Deadly rampage in Canada follows ‘ambush’ of Toronto police officer – The Guardian

Suspect killed by police after standoff in Hamilton cemetery after constable among two killed and three seriously wounded
A Toronto police officer was shot dead in an unprovoked “ambush” before a gunman killed another man and left three others with serious injuries in a deadly rampage on Monday afternoon. The suspect was later killed in a cemetery following a standoff with police.
The attacks began around 2pm on Monday, at a Tim Hortons restaurant in the city of Mississauga, west of Toronto. Constable Andrew Hong, a 48-year-old traffic services officer, was on his lunch break from a joint training exercise when he was shot and killed at close range by the gunman. Another person was shot and left with “life-altering” injuries.
The suspect then fled in a black Jeep, leading police on a pursuit that spanned three communities.
An emergency alert was sent to residents, warning of an “active shooter, armed and dangerous”.
Later in the afternoon, another shooting was reported in the city of Milton. Shakeel Ashraf, the owner of an auto repair shop in Milton where the suspect was an employee, was killed and two others were injured.
Police eventually tracked the suspect to a cemetery in the city of Hamilton, where he was killed following a standoff.

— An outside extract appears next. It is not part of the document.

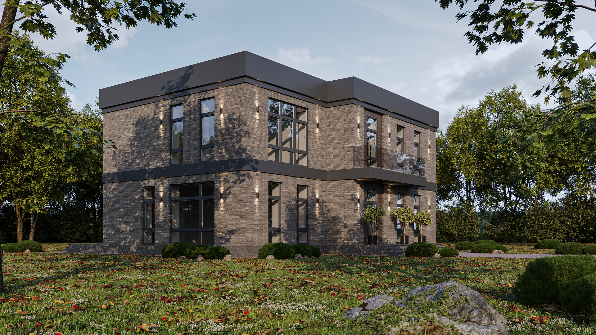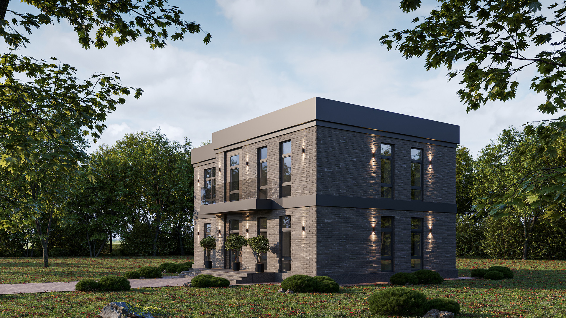 -Фасад облицован натуральным камнем и клинкерным кирпичом Real Brick

Hong, a 22-year veteran of the Toronto police, is survived by his wife, two children and parents.
“This is devastating news for his family and for all members of the Toronto police service and our entire policing community. We will lean on each other while we work to support Constable Hong’s family, and each other, in our grief,” said Toronto’s interim police chief, James Ramer.

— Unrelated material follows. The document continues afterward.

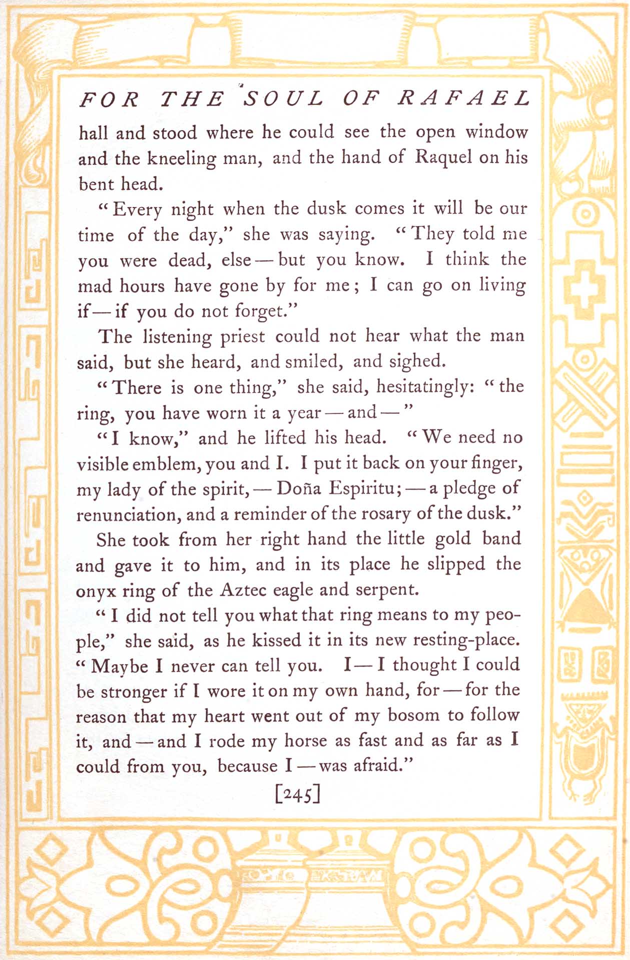 He caught her to him and held her there. The world reeled about them for one wordless minute, and then he released her and walked out across where the tower of the temple had once been, and he knew he was leaving her forever. A horse was waiting. He had said he could ride best in the moonlight, and a little later the hoof-beats sounded through the strumming guitars, and she knew it was over! It was her sacrifice for the oath to the dead, and she sank prostrate in the shadow of the altar. The tiny candles glimmered and went out, yet still she lay there. The moon in its soft yellow light flooded the open space without, but did not touch her. She had found the rosary and clasped it, her lips against the cold pearl figure of the sculptured Christ.

A procession of police vehicles, including SUVs and motorcycles, escorted Hong’s body from the scene of the shooting. A line of officers saluted the vehicles as they drove past.
“May Constable Andrew Hong rest in peace. A husband, father and hero, he and his loved ones are in my prayers,” tweeted the Ontario premier, Doug Ford.
Toronto’s mayor, John Tory, who called Hong a “gentle giant”, ordered flags to remain at half-mast at Toronto city hall, civic centres and other city locations.
“[Hong] was somebody that meant a lot to [other officers]” said Tory. “This is one of those kinds of things that just breaks your heart.”
The province’s police watchdog, the Special Investigations Unit, says it is investigating the fatal shooting at the cemetery.
“There is a lot to go through in the cemetery,” Kristy Denette, a spokesperson for the SIU, told reporters. “It’s not clear which firearm led to the death of the suspect … [and it is] unclear whether the person was armed and shots were exchanged.”